For the data below, transcribe the part that opens with the line containing "A 15 horsepower" and closes with the line containing "Herbs from the", exactly and with no pictures.

-------- Records supplied --------

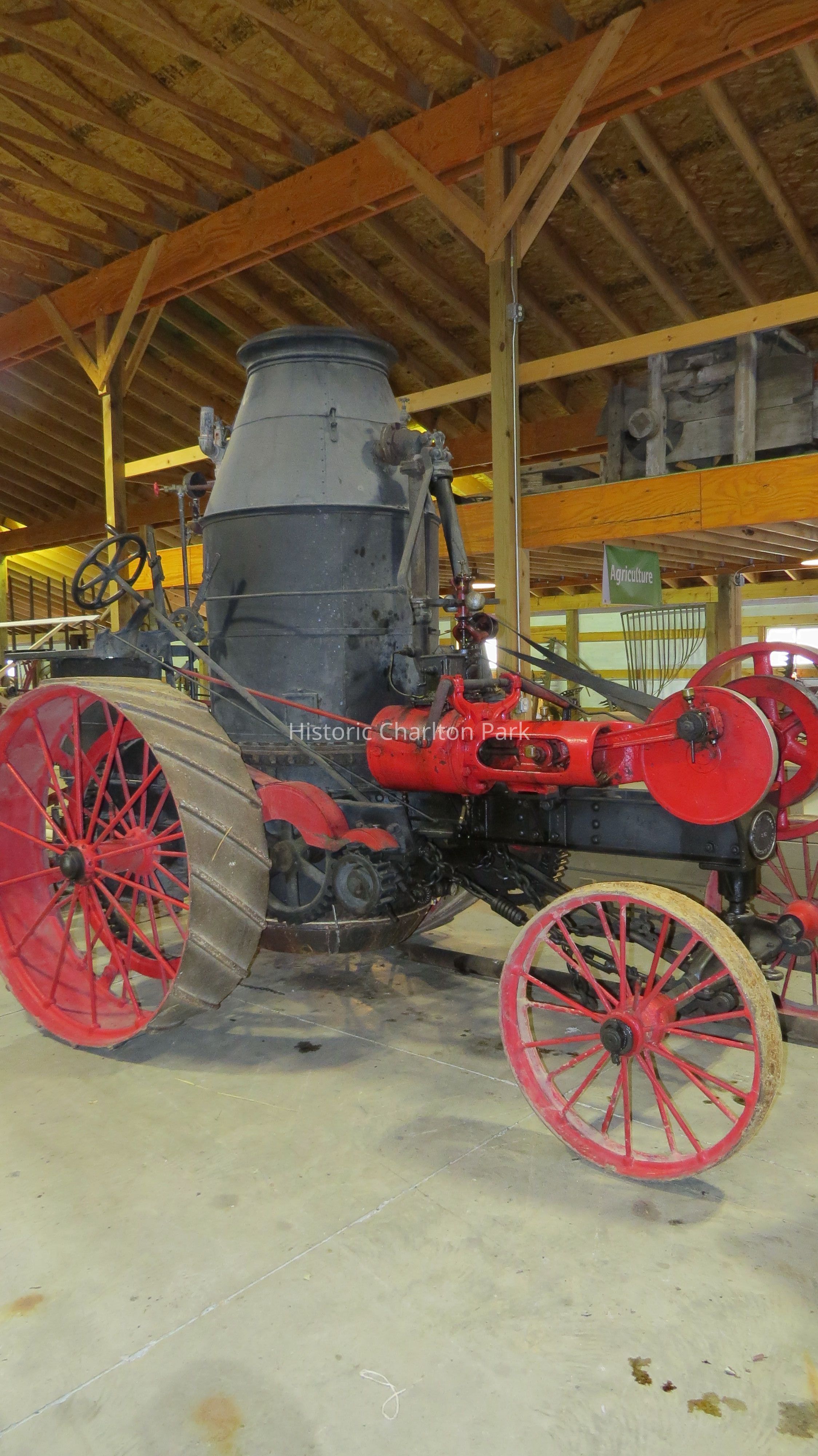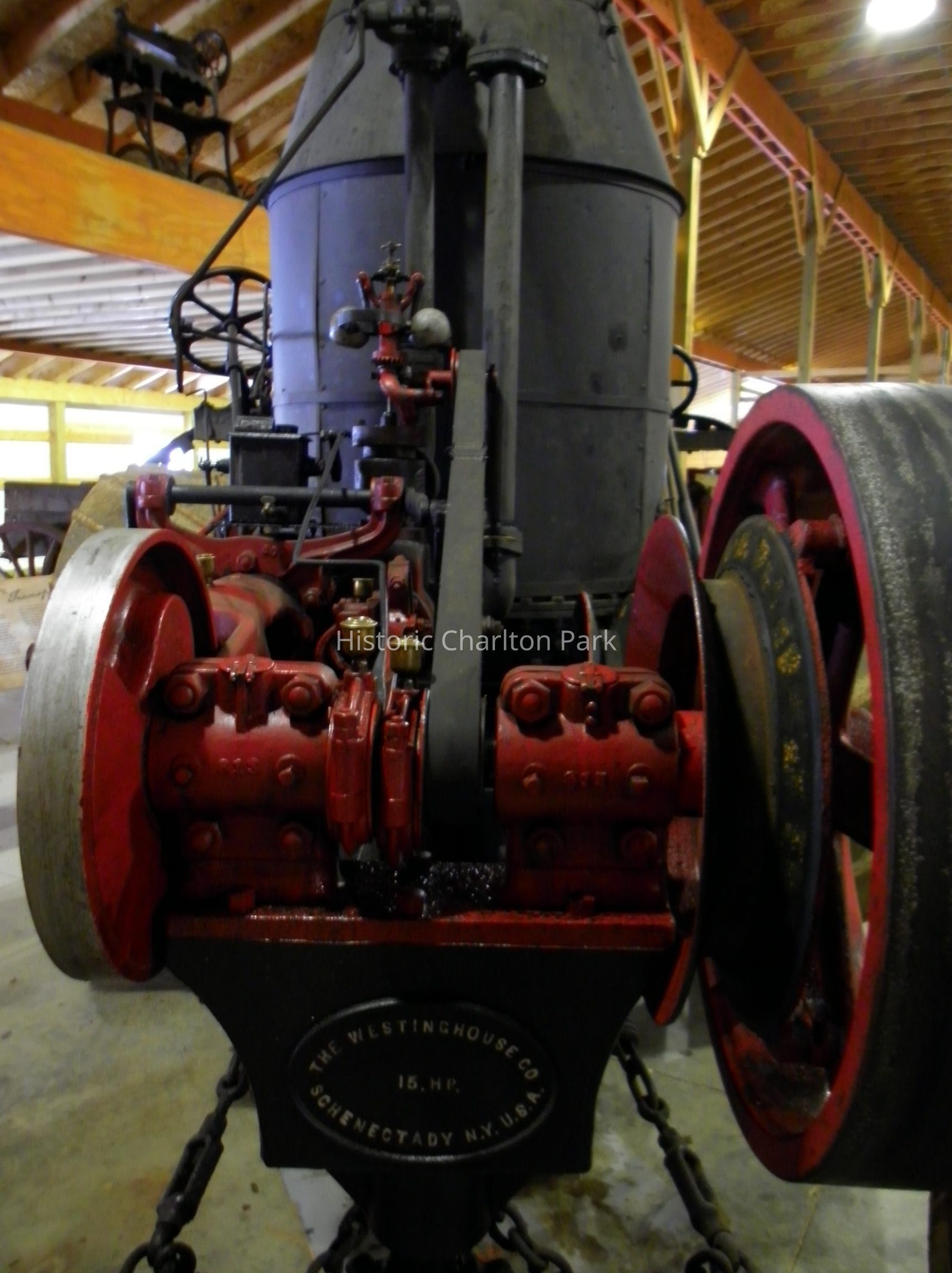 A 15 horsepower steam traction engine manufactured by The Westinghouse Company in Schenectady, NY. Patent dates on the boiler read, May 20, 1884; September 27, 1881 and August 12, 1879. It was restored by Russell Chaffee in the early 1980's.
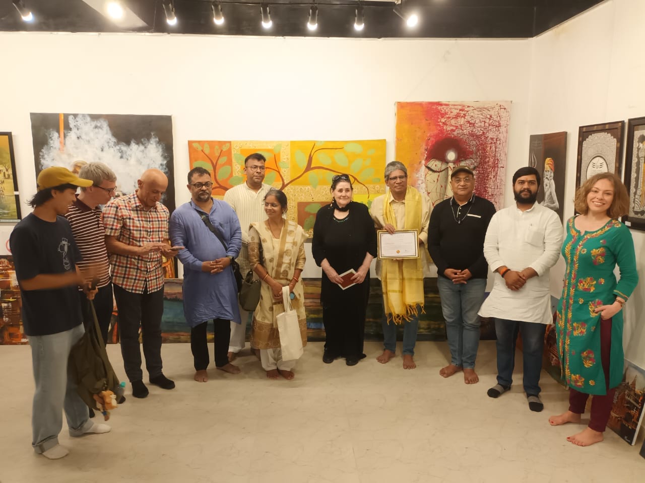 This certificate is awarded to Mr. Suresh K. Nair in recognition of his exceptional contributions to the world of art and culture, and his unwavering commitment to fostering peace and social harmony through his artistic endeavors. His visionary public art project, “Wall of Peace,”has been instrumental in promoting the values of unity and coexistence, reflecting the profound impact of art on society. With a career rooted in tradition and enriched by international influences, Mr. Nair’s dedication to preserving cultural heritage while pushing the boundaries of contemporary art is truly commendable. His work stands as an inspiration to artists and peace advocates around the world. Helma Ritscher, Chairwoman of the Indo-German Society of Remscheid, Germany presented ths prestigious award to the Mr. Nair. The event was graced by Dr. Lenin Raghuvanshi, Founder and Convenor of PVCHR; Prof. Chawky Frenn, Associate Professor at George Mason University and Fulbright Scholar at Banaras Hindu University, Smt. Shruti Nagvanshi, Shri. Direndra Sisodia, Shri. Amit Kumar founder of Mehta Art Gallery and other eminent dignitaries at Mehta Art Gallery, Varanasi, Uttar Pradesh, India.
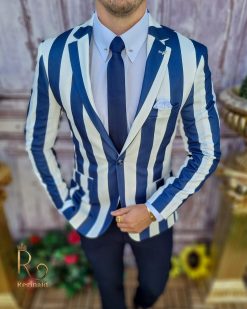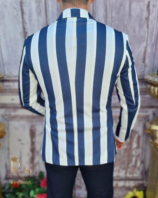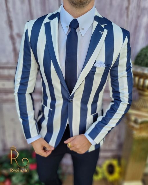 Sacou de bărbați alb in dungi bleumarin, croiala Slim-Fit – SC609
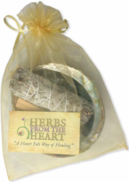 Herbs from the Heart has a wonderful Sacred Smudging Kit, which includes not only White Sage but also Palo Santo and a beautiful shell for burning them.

--------
-------- Records supplied --------

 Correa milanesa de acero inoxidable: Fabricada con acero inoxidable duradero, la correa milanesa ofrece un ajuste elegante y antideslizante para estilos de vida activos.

--------
-------- Records supplied --------

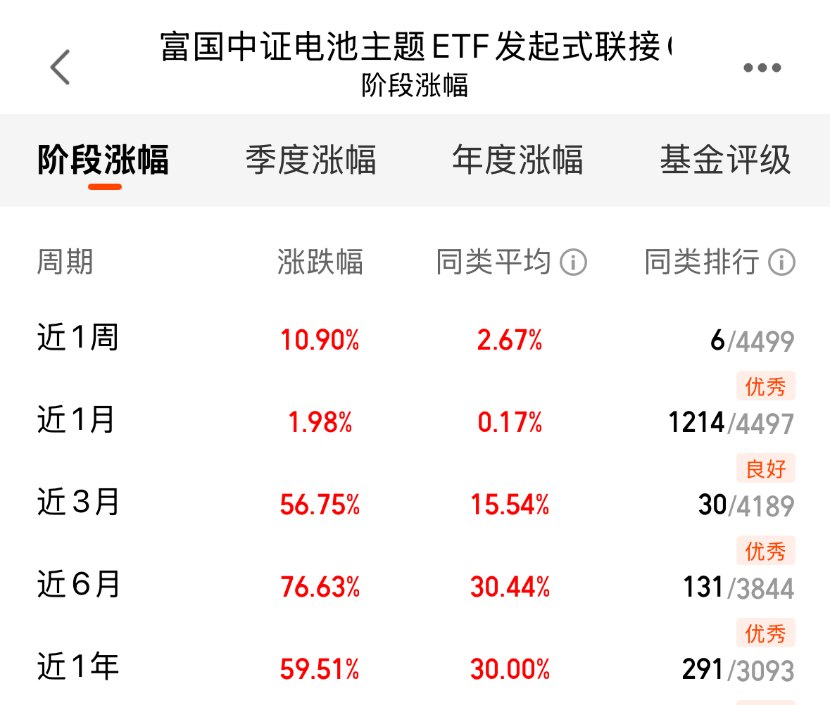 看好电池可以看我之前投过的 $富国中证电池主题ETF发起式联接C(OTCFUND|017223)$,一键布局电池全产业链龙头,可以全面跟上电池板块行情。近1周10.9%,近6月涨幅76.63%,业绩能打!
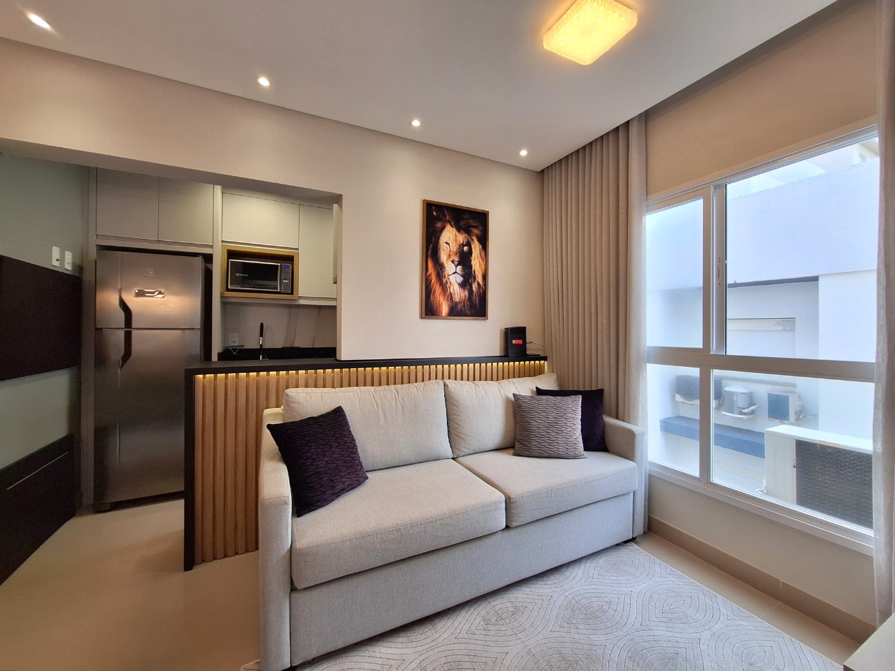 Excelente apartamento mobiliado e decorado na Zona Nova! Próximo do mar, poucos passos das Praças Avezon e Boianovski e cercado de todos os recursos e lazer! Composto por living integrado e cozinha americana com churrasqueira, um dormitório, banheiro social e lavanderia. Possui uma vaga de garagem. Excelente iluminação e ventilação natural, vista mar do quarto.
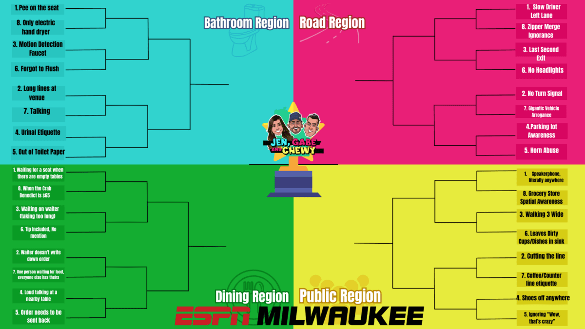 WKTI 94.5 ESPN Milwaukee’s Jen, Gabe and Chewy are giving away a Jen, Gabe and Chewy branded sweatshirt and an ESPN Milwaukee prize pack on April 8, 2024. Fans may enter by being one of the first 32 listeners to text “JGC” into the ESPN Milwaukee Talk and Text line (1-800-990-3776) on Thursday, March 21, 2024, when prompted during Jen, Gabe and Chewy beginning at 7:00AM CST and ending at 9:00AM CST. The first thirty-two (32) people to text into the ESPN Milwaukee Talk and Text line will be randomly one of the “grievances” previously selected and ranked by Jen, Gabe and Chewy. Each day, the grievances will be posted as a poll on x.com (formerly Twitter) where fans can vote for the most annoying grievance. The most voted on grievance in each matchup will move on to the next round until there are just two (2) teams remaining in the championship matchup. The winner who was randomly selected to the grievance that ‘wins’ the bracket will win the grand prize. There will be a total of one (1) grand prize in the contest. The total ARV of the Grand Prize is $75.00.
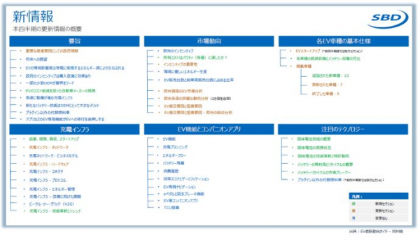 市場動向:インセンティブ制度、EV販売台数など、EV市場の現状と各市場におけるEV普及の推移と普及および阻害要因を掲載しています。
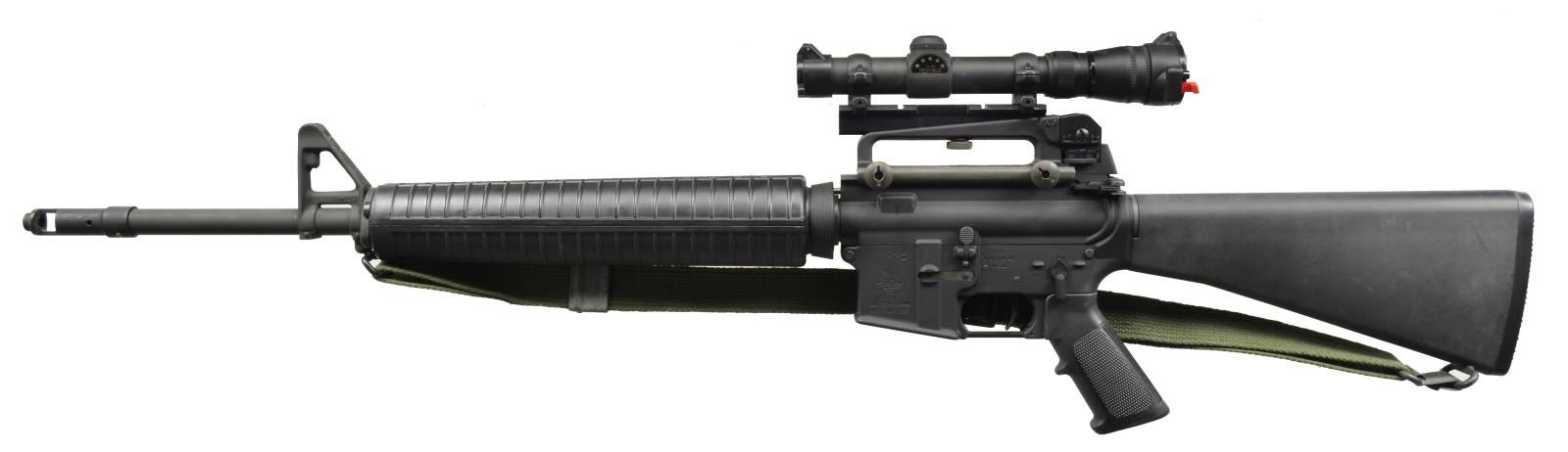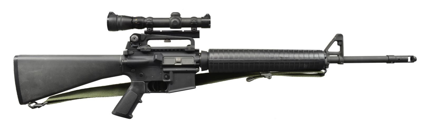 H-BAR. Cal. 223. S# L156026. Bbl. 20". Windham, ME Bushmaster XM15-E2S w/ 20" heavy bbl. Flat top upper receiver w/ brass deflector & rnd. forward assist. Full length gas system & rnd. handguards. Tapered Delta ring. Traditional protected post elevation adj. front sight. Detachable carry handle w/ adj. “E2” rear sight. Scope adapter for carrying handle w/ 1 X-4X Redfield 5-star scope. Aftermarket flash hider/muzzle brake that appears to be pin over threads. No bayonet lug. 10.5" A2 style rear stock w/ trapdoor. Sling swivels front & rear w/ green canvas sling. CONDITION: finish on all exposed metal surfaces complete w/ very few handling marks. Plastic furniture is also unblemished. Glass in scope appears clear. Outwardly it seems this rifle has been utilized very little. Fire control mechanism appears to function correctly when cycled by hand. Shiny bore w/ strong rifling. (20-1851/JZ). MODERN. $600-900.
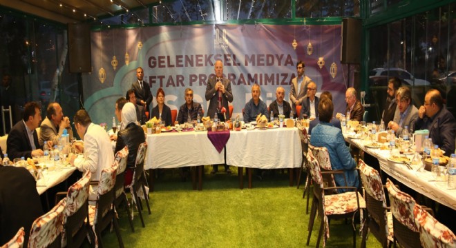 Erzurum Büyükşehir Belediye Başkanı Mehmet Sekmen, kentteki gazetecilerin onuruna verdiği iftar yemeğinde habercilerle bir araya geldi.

--------

◆ Result of the exercise:
 A 15 horsepower steam traction engine manufactured by The Westinghouse Company in Schenectady, NY. Patent dates on the boiler read, May 20, 1884; September 27, 1881 and August 12, 1879. It was restored by Russell Chaffee in the early 1980's.
 This certificate is awarded to Mr. Suresh K. Nair in recognition of his exceptional contributions to the world of art and culture, and his unwavering commitment to fostering peace and social harmony through his artistic endeavors. His visionary public art project, “Wall of Peace,”has been instrumental in promoting the values of unity and coexistence, reflecting the profound impact of art on society. With a career rooted in tradition and enriched by international influences, Mr. Nair’s dedication to preserving cultural heritage while pushing the boundaries of contemporary art is truly commendable. His work stands as an inspiration to artists and peace advocates around the world. Helma Ritscher, Chairwoman of the Indo-German Society of Remscheid, Germany presented ths prestigious award to the Mr. Nair. The event was graced by Dr. Lenin Raghuvanshi, Founder and Convenor of PVCHR; Prof. Chawky Frenn, Associate Professor at George Mason University and Fulbright Scholar at Banaras Hindu University, Smt. Shruti Nagvanshi, Shri. Direndra Sisodia, Shri. Amit Kumar founder of Mehta Art Gallery and other eminent dignitaries at Mehta Art Gallery, Varanasi, Uttar Pradesh, India.
 Sacou de bărbați alb in dungi bleumarin, croiala Slim-Fit – SC609
 Herbs from the Heart has a wonderful Sacred Smudging Kit, which includes not only White Sage but also Palo Santo and a beautiful shell for burning them.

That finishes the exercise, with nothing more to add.